START Recorded information
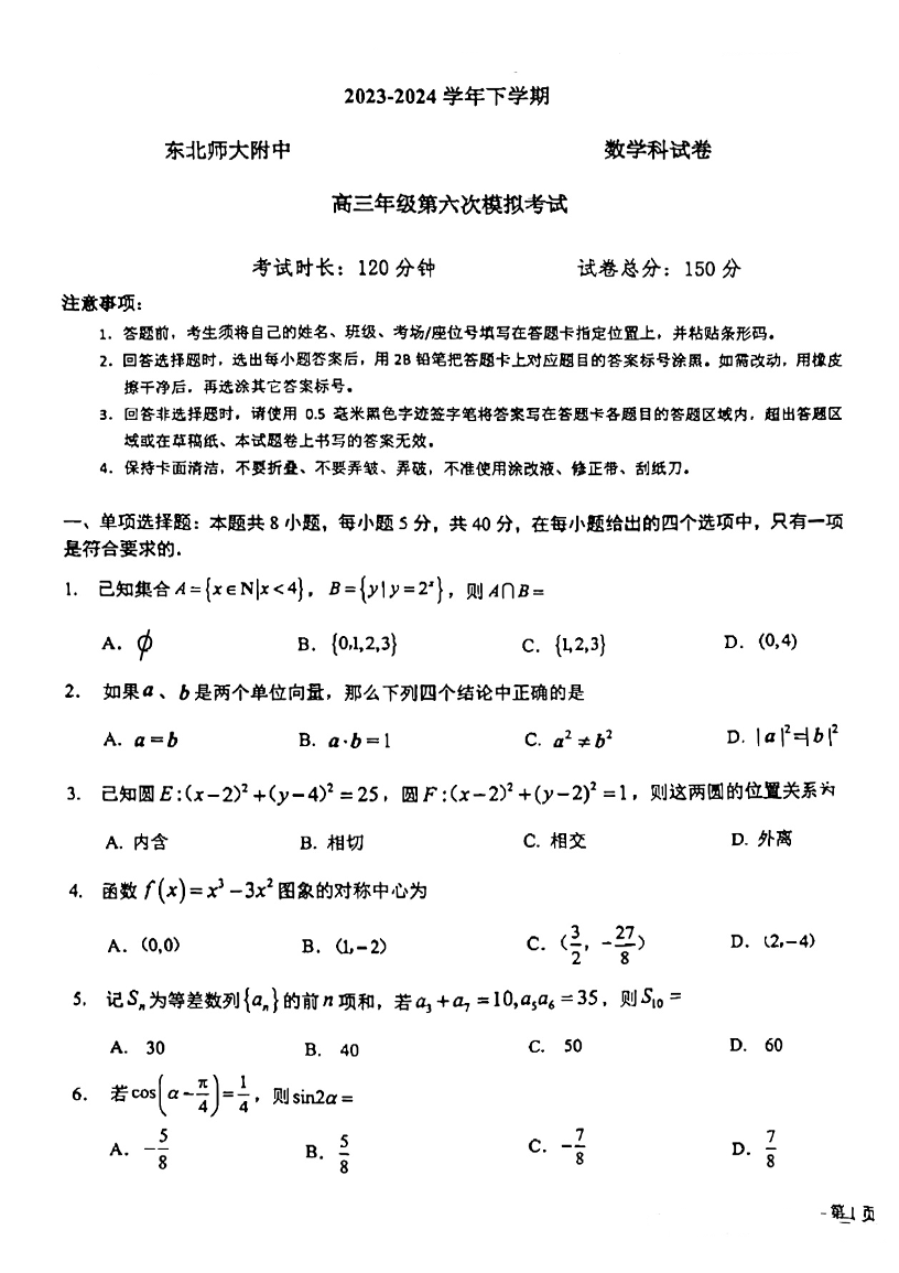 吉林省长春市东北师范大学附属中学2024届高三下学期第六次模拟考试数学
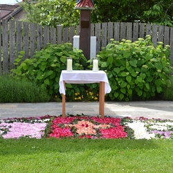 Im Zentrum der schön gestalteten Feier standen ein Taufgedächtnis mit Weihwasserritus, ein Evangelium (Mt, 6, 26-33), Blumentexte (in denen man sich mit der einen oder anderen Blumenbeschreibung ganz gut identifizieren konnte), Dankesworte sowie Fürbitten.
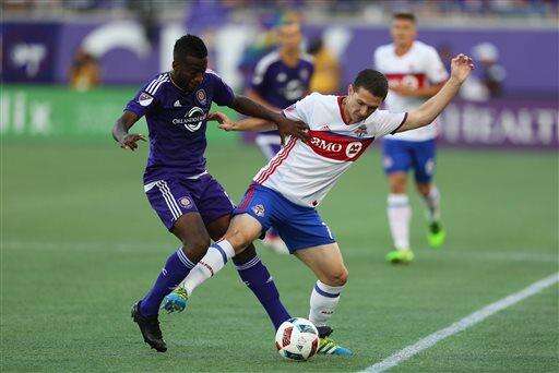 Orlando City midfielder Adrian Winter, right, goes after the ball during an MLS soccer game against Toronto FC Saturday, June 25, 2016, in Orlando, Fla. (Ricardo Ramirez Buxeda/Orlando Sentinel via AP) MAGAZINES OUT; NO SALES; MANDATORY CREDIT
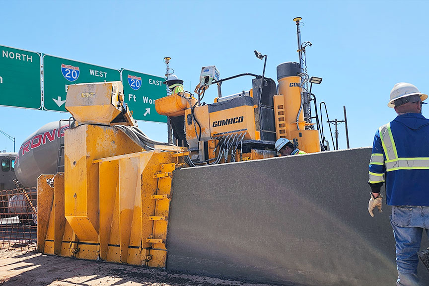 An Xtreme three-track GOMACO Commander IIIx with Leica iCON 3D guidance is slipforming barrier on U.S. Highway 83 and 277 at the I-20 interchange in Abilene, Texas.
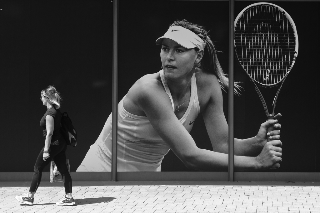 Un nanosecondo e la Sharapova castigherà con un rovescio ( dopato?... eheh) la povera signora. Il tutto in bianco della tennista, e il tutto in nero della passante ,contribuiscono alla armonia della scena.
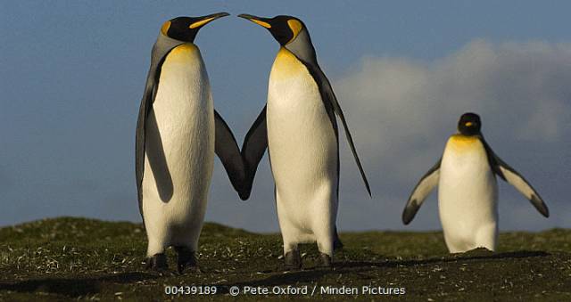 王企鹅一次能产一到两个卵,但是很难同时养大两个企鹅宝宝,有时会不得不放弃其中一只。男同王企鹅“夫妇”有时就会收养这样的“弃蛋”,把它抚养长大。
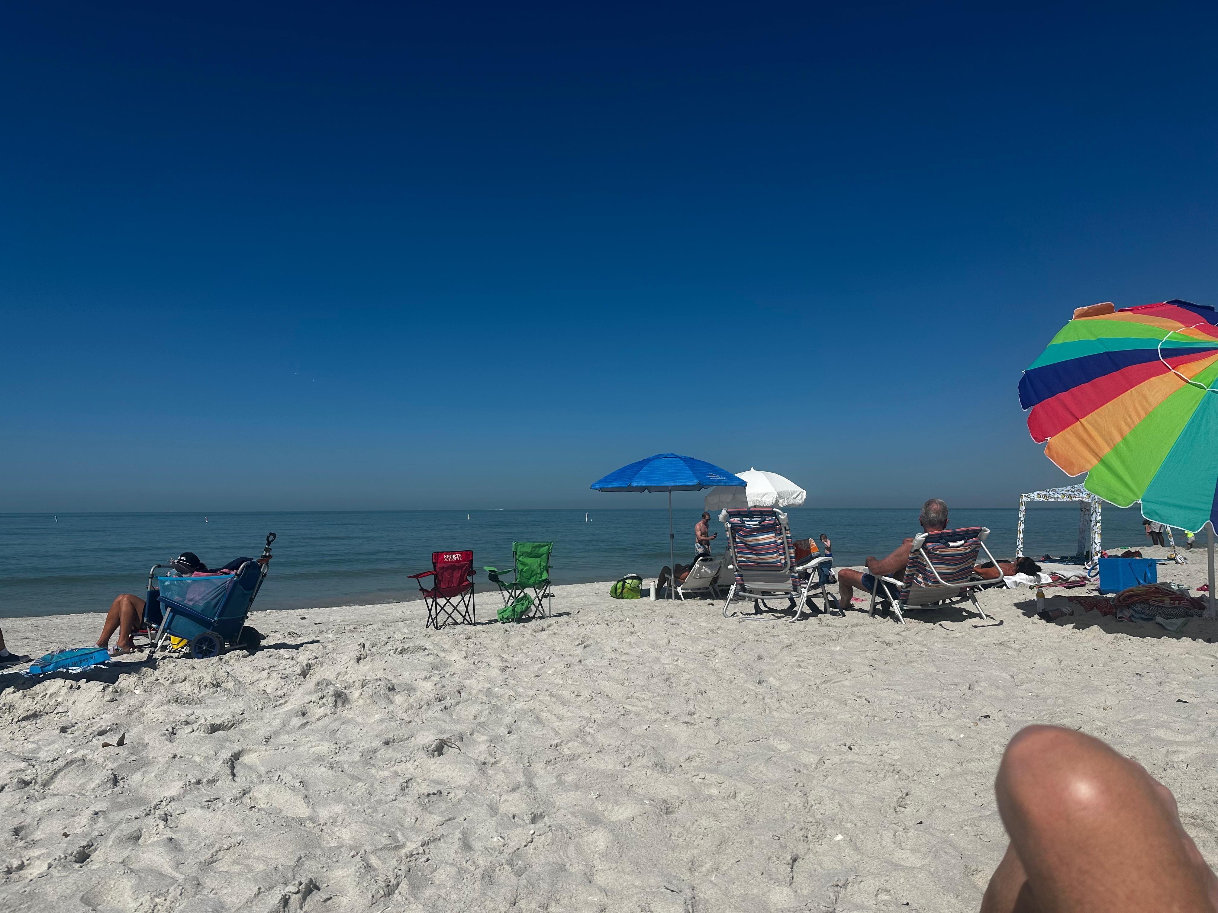Beach gear included: 4 beach chairs, umbrella, cooler, and towels.
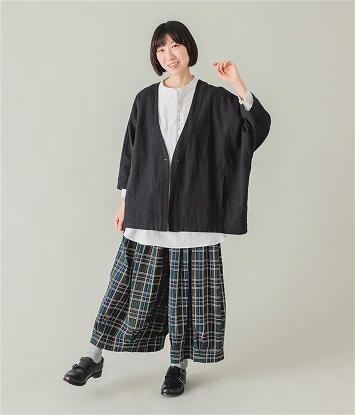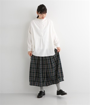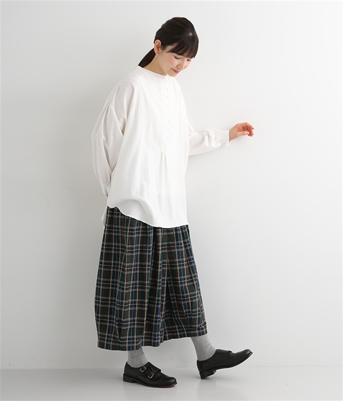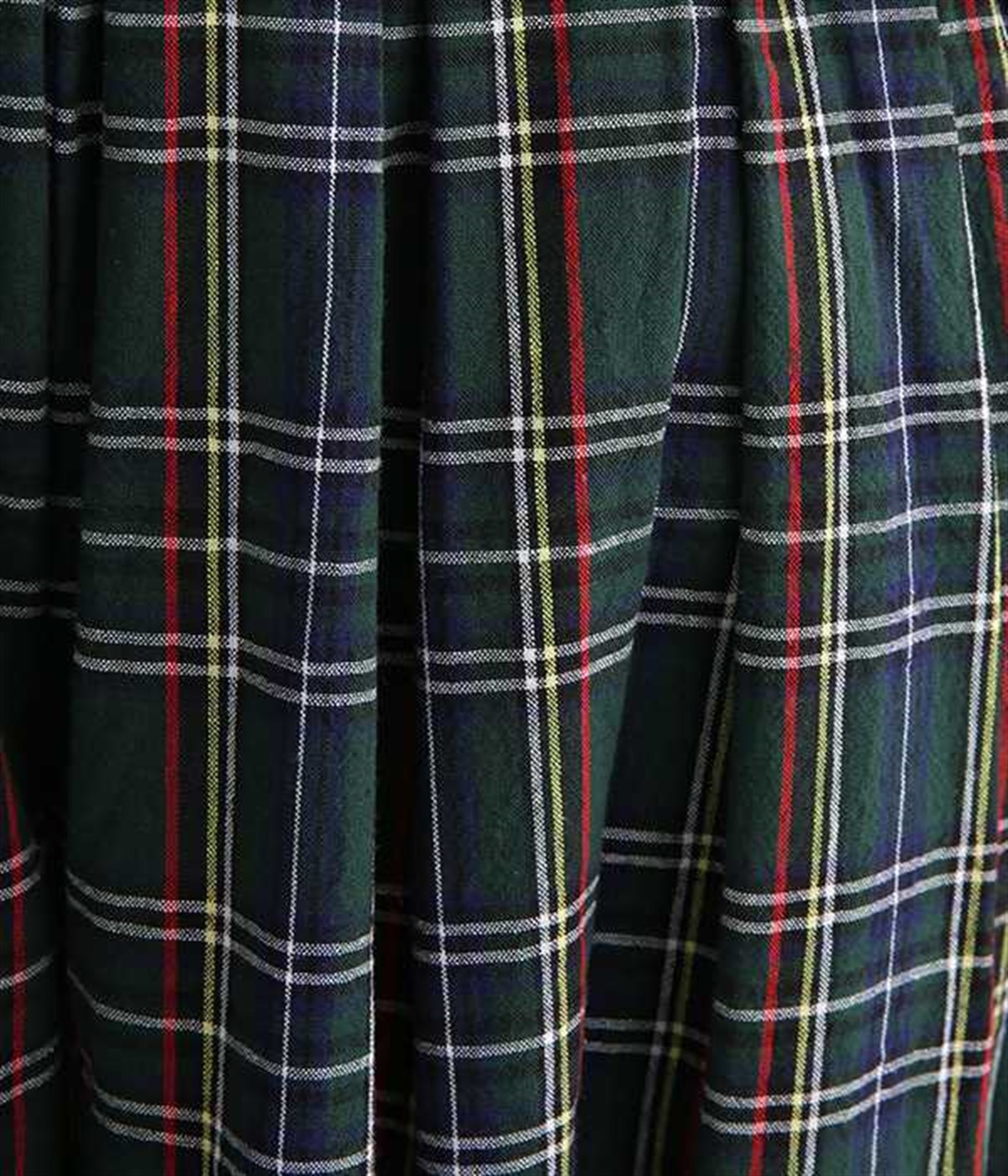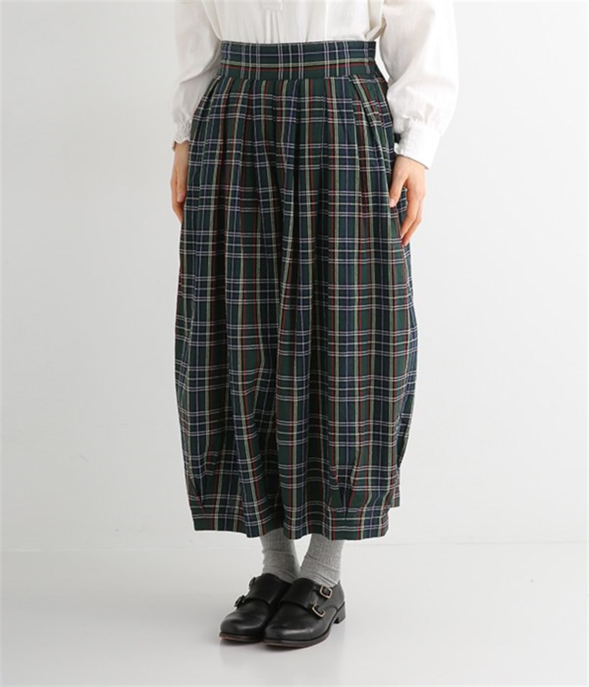 さらりとした風合いのコットンのオックスフォード生地を使用したパンツです。ウエストは後ろ側のみゴム仕様で、トップスの裾をインした着こなしにも対応。ウエスト下と裾にはタックを施し、こなれ感のあるシルエットに仕上げました。 トラッドなチェック柄がコーディネートのアクセントにぴったり。シンプルなニットやブラウスに合わせるだけでサマになります。
END Recorded information
Work to be completed
Both the line containing "An Xtreme three-track" and the last line of the records above belong in the exact copy, along with every line between them; pictures do not.

Solved exercise
 An Xtreme three-track GOMACO Commander IIIx with Leica iCON 3D guidance is slipforming barrier on U.S. Highway 83 and 277 at the I-20 interchange in Abilene, Texas.
 Un nanosecondo e la Sharapova castigherà con un rovescio ( dopato?... eheh) la povera signora. Il tutto in bianco della tennista, e il tutto in nero della passante ,contribuiscono alla armonia della scena.
 王企鹅一次能产一到两个卵,但是很难同时养大两个企鹅宝宝,有时会不得不放弃其中一只。男同王企鹅“夫妇”有时就会收养这样的“弃蛋”,把它抚养长大。
Beach gear included: 4 beach chairs, umbrella, cooler, and towels.
 さらりとした風合いのコットンのオックスフォード生地を使用したパンツです。ウエストは後ろ側のみゴム仕様で、トップスの裾をインした着こなしにも対応。ウエスト下と裾にはタックを施し、こなれ感のあるシルエットに仕上げました。 トラッドなチェック柄がコーディネートのアクセントにぴったり。シンプルなニットやブラウスに合わせるだけでサマになります。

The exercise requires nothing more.